▶ [Dataset entries]:
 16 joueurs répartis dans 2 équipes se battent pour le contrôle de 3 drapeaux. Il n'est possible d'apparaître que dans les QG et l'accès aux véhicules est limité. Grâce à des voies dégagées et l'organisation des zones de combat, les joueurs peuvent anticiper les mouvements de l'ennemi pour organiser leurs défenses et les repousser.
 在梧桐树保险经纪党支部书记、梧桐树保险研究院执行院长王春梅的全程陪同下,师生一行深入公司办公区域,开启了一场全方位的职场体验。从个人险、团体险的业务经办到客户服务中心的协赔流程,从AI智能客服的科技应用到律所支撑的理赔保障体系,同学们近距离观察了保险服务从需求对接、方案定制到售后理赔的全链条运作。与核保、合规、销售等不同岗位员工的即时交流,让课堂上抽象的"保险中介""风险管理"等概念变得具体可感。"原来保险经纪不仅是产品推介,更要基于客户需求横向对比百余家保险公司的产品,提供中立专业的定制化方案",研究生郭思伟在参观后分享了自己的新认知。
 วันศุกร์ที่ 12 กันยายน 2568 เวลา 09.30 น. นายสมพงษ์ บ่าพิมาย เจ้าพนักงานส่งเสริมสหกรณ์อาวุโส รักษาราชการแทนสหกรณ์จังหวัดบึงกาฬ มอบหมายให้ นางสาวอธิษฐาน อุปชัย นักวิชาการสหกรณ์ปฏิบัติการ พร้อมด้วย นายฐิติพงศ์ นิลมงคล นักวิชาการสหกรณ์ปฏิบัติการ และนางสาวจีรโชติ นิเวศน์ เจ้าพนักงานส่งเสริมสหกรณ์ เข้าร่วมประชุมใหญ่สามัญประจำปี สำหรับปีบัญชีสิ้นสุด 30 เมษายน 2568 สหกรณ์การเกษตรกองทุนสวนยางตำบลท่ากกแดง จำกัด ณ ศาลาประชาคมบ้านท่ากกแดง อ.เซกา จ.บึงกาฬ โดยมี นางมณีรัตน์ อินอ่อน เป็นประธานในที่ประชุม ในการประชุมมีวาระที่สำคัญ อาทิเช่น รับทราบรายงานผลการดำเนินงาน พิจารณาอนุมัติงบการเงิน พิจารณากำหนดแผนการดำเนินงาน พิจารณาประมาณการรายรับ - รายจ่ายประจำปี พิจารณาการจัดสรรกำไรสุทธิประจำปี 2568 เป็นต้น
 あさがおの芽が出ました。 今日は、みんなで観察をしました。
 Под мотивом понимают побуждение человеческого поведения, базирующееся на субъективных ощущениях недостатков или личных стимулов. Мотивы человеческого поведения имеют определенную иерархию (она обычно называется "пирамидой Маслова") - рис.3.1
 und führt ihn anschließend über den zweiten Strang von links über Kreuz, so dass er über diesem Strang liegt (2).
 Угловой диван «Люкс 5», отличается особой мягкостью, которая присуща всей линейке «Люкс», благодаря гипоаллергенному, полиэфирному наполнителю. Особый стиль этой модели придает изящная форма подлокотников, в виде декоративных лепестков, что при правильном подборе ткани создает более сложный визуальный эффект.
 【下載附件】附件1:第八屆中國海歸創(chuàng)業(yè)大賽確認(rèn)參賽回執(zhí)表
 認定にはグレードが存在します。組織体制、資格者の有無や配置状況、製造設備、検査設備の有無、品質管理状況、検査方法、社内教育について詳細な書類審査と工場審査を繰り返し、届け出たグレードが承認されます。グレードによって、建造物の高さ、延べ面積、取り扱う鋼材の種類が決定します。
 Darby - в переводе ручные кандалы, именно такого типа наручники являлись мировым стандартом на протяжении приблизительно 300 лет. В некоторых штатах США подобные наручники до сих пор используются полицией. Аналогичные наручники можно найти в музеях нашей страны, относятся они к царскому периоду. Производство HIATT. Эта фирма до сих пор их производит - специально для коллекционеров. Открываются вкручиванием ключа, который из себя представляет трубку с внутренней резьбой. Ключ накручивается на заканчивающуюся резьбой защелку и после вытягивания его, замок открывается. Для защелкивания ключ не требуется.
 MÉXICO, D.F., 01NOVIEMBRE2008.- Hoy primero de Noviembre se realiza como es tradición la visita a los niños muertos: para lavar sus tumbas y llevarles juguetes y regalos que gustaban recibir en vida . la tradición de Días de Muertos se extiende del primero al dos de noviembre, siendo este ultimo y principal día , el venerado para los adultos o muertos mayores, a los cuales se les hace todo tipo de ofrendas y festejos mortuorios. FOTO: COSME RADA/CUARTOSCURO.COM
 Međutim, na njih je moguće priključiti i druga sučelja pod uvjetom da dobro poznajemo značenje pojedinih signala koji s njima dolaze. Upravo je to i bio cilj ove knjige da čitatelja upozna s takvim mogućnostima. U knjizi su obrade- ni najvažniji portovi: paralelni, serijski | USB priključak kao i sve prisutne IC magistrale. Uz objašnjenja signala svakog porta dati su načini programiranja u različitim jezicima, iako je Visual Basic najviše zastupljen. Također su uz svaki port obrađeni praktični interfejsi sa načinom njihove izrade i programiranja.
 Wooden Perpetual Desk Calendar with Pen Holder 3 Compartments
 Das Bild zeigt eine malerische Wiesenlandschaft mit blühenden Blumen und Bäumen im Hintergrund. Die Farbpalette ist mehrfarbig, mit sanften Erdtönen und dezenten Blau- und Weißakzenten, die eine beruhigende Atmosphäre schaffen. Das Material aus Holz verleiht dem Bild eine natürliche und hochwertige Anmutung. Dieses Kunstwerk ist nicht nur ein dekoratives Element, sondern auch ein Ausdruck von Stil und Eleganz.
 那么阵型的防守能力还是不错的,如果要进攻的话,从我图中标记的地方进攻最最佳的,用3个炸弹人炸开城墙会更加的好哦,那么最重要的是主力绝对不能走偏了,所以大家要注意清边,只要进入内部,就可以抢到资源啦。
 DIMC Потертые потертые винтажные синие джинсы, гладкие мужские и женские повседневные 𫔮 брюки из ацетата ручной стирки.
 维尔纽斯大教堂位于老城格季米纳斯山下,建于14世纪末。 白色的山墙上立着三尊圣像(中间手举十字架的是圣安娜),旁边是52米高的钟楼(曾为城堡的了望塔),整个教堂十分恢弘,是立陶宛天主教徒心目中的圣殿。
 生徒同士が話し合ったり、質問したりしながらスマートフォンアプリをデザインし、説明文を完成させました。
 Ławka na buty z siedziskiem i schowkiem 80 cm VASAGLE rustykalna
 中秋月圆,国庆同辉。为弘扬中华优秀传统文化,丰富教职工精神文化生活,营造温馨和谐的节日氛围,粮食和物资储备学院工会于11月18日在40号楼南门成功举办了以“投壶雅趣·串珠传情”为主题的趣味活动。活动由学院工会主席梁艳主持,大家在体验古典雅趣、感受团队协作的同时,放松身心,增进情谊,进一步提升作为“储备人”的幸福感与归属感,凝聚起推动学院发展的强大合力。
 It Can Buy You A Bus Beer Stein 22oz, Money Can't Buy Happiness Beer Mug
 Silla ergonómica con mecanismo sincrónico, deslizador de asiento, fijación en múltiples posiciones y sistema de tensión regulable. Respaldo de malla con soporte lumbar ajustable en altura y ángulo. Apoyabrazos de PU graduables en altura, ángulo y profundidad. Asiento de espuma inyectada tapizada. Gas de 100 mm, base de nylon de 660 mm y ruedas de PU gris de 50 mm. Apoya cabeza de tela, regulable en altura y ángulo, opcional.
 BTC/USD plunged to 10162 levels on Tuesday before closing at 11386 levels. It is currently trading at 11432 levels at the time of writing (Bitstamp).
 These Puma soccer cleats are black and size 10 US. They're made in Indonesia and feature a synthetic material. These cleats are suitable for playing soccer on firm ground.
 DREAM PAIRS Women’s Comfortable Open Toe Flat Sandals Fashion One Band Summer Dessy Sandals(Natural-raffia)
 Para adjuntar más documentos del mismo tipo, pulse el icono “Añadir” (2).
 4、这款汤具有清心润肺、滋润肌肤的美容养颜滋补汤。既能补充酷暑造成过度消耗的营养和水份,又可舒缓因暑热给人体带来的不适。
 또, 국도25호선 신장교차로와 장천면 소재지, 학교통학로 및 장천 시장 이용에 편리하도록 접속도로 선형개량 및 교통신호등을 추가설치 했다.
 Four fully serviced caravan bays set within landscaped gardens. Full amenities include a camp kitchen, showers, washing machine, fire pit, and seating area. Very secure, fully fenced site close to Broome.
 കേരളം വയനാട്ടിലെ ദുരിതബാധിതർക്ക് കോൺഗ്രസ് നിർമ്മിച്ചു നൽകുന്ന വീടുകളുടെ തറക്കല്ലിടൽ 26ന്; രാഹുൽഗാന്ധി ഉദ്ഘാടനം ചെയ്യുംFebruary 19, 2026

▶ [Task details]: Here the job is to set down exactly the lines of the material above that fall between the one with "Ławka na buty" and the one with "BTC/USD plunged to", inclusive, and nothing beyond them.

▶ [Problem solution]:
 Ławka na buty z siedziskiem i schowkiem 80 cm VASAGLE rustykalna
 中秋月圆,国庆同辉。为弘扬中华优秀传统文化,丰富教职工精神文化生活,营造温馨和谐的节日氛围,粮食和物资储备学院工会于11月18日在40号楼南门成功举办了以“投壶雅趣·串珠传情”为主题的趣味活动。活动由学院工会主席梁艳主持,大家在体验古典雅趣、感受团队协作的同时,放松身心,增进情谊,进一步提升作为“储备人”的幸福感与归属感,凝聚起推动学院发展的强大合力。
 It Can Buy You A Bus Beer Stein 22oz, Money Can't Buy Happiness Beer Mug
 Silla ergonómica con mecanismo sincrónico, deslizador de asiento, fijación en múltiples posiciones y sistema de tensión regulable. Respaldo de malla con soporte lumbar ajustable en altura y ángulo. Apoyabrazos de PU graduables en altura, ángulo y profundidad. Asiento de espuma inyectada tapizada. Gas de 100 mm, base de nylon de 660 mm y ruedas de PU gris de 50 mm. Apoya cabeza de tela, regulable en altura y ángulo, opcional.
 BTC/USD plunged to 10162 levels on Tuesday before closing at 11386 levels. It is currently trading at 11432 levels at the time of writing (Bitstamp).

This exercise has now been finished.